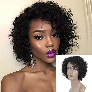 UDU Kurzhaar-Perücke für schwarze Frauen, lockiges Haar, Bob-Perücke, ohne Spitze, für schwarze Frauen, kurz, lockige Bob-Perücke, billige Perücke mit Pony, brasilianisches Haar
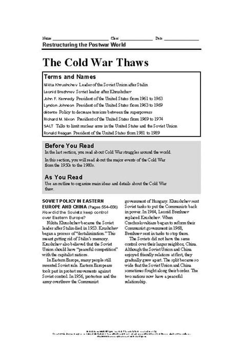 Download cold war thaws guided reading Reader online is a convenient and frugal way to read cold war thaws guided reading you love right from the comfort of your own home. Yes, there sites where you can get Reader "for free" but the ones listed below are clean from viruses and completely legal to use.
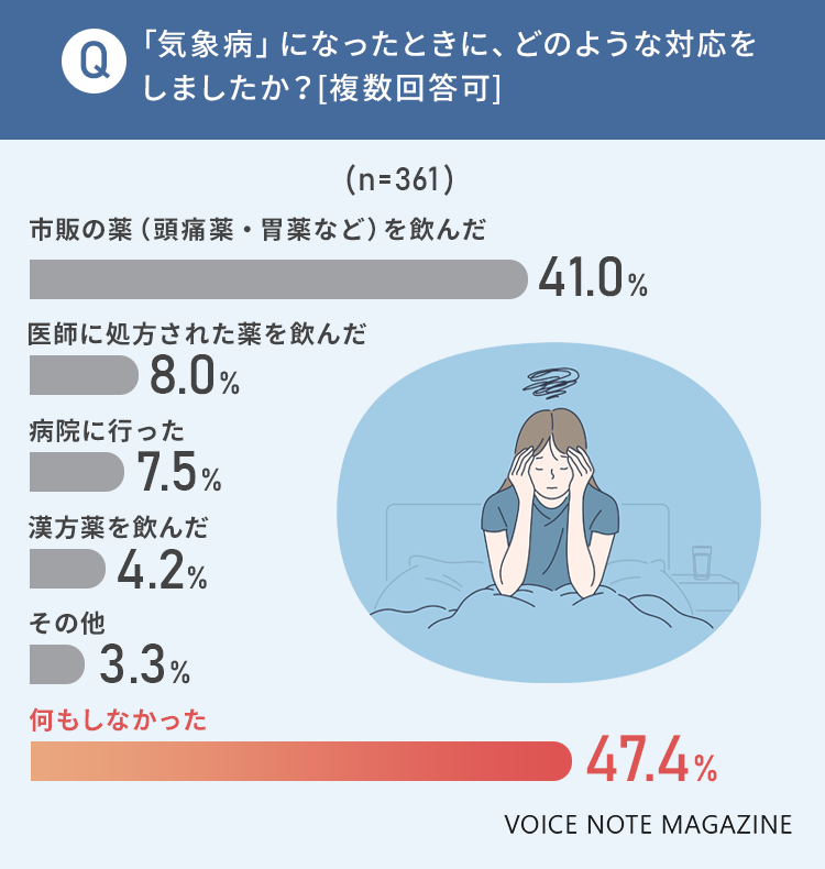 気象病の症状が出たときの対応について、47.4%の方は「何もしなかった」ようです。

========================

Task item> Please give all of the material again, exactly, without the images.

Response to this task>
 UDU Kurzhaar-Perücke für schwarze Frauen, lockiges Haar, Bob-Perücke, ohne Spitze, für schwarze Frauen, kurz, lockige Bob-Perücke, billige Perücke mit Pony, brasilianisches Haar
 Download cold war thaws guided reading Reader online is a convenient and frugal way to read cold war thaws guided reading you love right from the comfort of your own home. Yes, there sites where you can get Reader "for free" but the ones listed below are clean from viruses and completely legal to use.
 気象病の症状が出たときの対応について、47.4%の方は「何もしなかった」ようです。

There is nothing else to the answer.